Young Voices: Where would our youth raise their children one day?

Their answers were intelligent, and surprising.

In part two of our four-week long Young Voices series 82 pupils were asked where they would raise their children one day. Nearly all of the pupils who live in Cape Town said they would raise their children in South Africa whereas about 30% of the Johannesburg pupils said they would raise their children outside of Africa.

Zain Noridien from Pelican Park Primary in Cape Town said: “I would raise my children here in South Africa … and if they get a good education they can make our economy grow”.

Elizabeth Jackson from Troyeville Primary disagreed. “I would not raise my children in South Africa because foreigners have to go to home affairs … many children get detained for papers they don’t have. I do not want my children to face the same troubles that I have face [sic] as a young child,” she said.

Watch the video here:

Only 2% of the pupils would vote for our current president, 4% would vote for Nelson Mandela but many would vote for DA leader Helen Zille because she is a "strong woman".

Watch last week’s story here: 

The interviews were part of a project called the Children and Media Championing Best Practice, funded by the European Commission, aimed at improving the portrayal and participation of children in mainstream media.

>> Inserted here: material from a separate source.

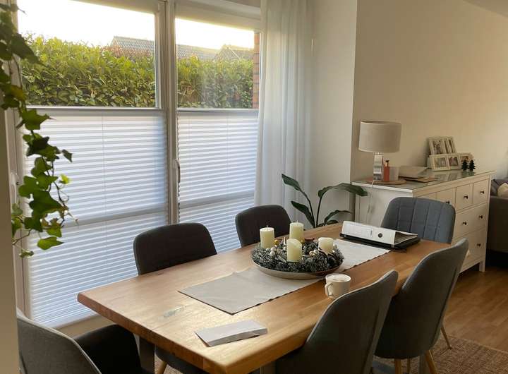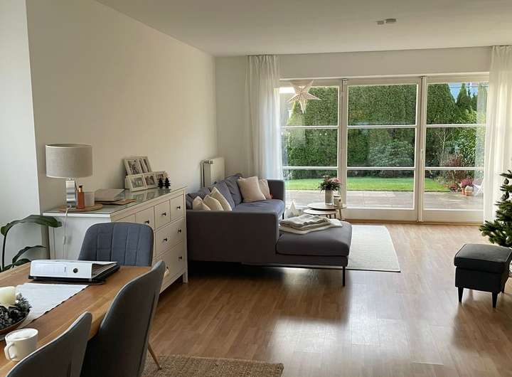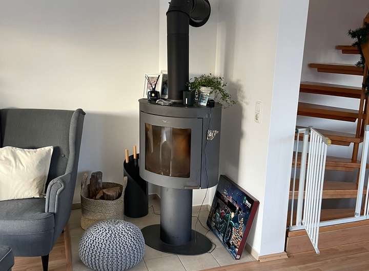 Wohn-Esszimmer mit Kaminofen und Zugang in den Garten mit Süd-Terrasse (36,4 qm)

Media Monitoring Africa (MMA) gave children who are part of the project the skills to engage with the news, analyse media content, and become what they themselves labelled 'media monitors'.

By the end of last year MMA realised that the strong opinions these children were expressing about the news had to be shared, so it asked them some questions and filmed their responses.


The monitors attend Park Senior Primary School, Naturena Primary School and Troyeville Primary School in Johannesburg, and Pelican Park Primary School in Cape Town. They are mostly female.

Underrepresented
Research carried out by MMA shows that children account for only 9% of all news stories, showing that their voices are generally excluded from media.

Yet children are capable of understanding what is happening in the world of politics, sports, entertainment, health, and education, and can effectively voice their opinions if given the chance, MMA says.

MMA's director, William Bird, said MMA has been working with children for ten years and has seen how they are capable of understanding what is happening in the world around them.

"Far too often children and their voices are excluded not only from national debates, but all too frequently on issues that immediately affect them," he said.

"The numerous challenges facing South Africa's education system are well known, but often children's voices on how these problems affect them are not heard".

"While children are clearly the future they are also the here and the now and should be given as much of a chance to voice their opinions as adults are." 

The Mail & Guardian will publish one of the videos filmed by MMA each week as part of a four-week long Young Voices series.